When I'm presented with a "Where are you from?" I usually run through this multiple-choice quiz in my head:

a. Say that I'm American and be prodded to admit where I'm really from, as though being born on native soil isn't enough of a token of my American-ness.

b. Say that I'm Indian and sit through the whole FAQ, ("Wait, red dot Indian or Native American? Do you eat curry every night? Do your parents speak English? Will your marriage be arranged?")

c. Say "around here" and fake that I have to go to the bathroom.

I roll the dice with options A-C, depending on how much energy I have that day. But, the truth is? I'm not sure myself some days.

Being a woman of color, people often press you even harder on that "Where are you from?" question. Questions that are often considered harmless can sometimes result in an awkward, stumbling identity crisis. My standard reply of, "California, around the SF… Bay Area," never seems to placate people, because my tan skin, big dark eyes, and thick eyebrows betray me. I don't look like I'm really American to a lot of people (read: sun-kissed, California-beach-blonde beauty), and so the label never quite fits. Add in the fact that my name is "Nikita" and I've truly thrown the audience a plot twist. Is she from here? Is she mixed-race? Is she an alien? Stay tuned to find out!

I've lived in four big cities in under 18 years: Chicago, New Delhi, San Francisco, and New York. New York is now home, and technically because my family is in California, so is San Francisco. It's odd to juggle specific regional identities that pertain to the U.S. only while negotiating the complications of my ethnic and cultural identities as well. Saying I'm from California means something different to people than "American," and saying I'm Indian carries other implications. Plus, the "Indian" identity is an umbrella term for a series of different identities all woven together by a similar overarching cultural thread and a political boundary. India is a vast country with dozens of languages, cuisines, and more — no two Indian experiences can ever neatly intersect.

Perhaps if I were entirely born and raised in America, I'd feel as though I wasn't too Indian to fit under "American" neatly. And, maybe if I didn't spend the better part of my 21 years in America, I'd feel better just saying I am Indian. I love being Indian, but sometimes I don't feel Indian enough, really. I am Indian. I am American. I am Indian-American. Neither there, nor there — but somewhere in between.

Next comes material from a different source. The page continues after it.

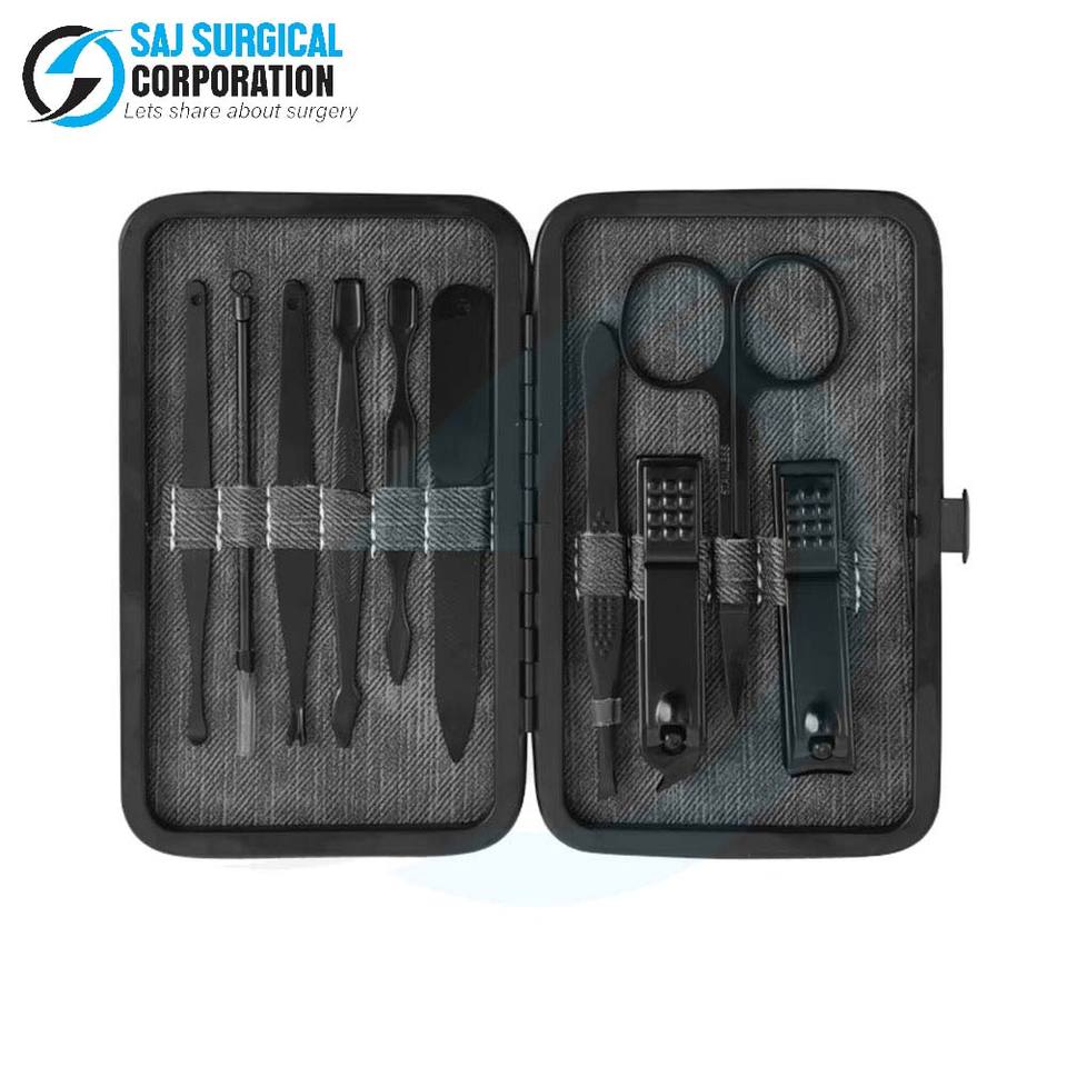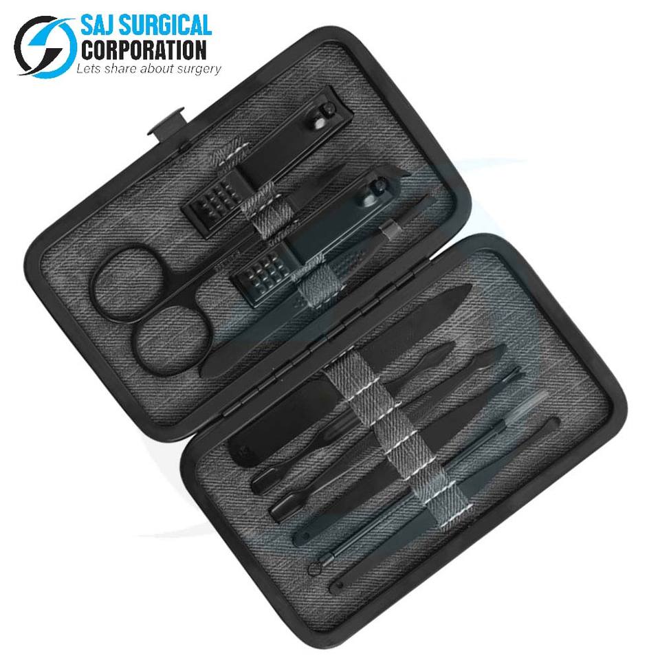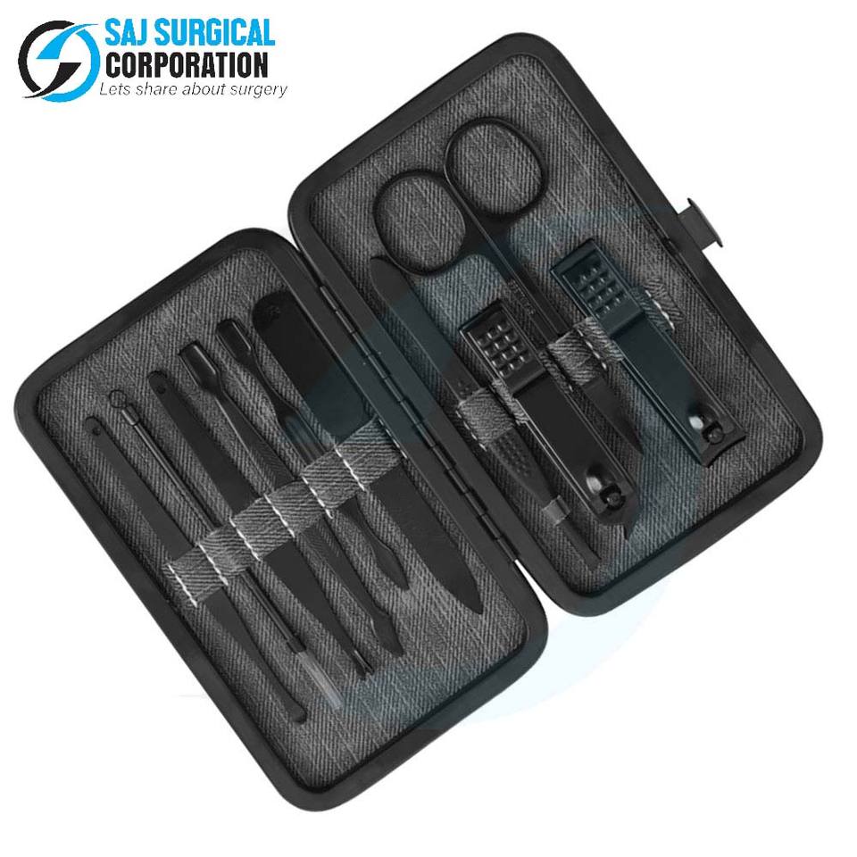 ชุดอุปกรณ์ทำเล็บมือในการผ่าตัดเกรด10ชิ้นมีดีไซน์สีดำเยอรมันเครื่องมือฆ่าเชื้อสำหรับร้านเสริมสวยมืออาชีพและการใช้ podiatry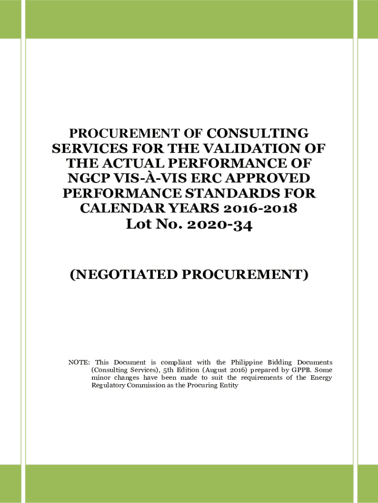 PROCUREMENT OF CONSULTING SERVICES FOR THE VALIDATION OF THE ACTUAL PERFORMANCE OF NGC VISIT ERC APPROVED PERFORMANCE STANDARDS FOR CALENDAR YEARS 20162018Lot No. 202034 (NEGOTIATED PROCUREMENT)NOTE:

I lived in India for the better part of the first 5 years of my life, and once I moved back to the U.S., I immediately felt alien amongst my classmates. With my broken English, my funny accent, and the fact that I had no idea who Pikachu was, I may as well have been from another planet. I was a quick study, though: I laboriously repaired my accent, always making sure to pronounce my Vs and Ws correctly, and never allowing my Rs to linger on my tongue for too long; I watched all the "Blue's Clues" I could get my hands on; I asked my parents to take me to movies, the works. However, despite all my efforts otherwise, I felt culturally inept.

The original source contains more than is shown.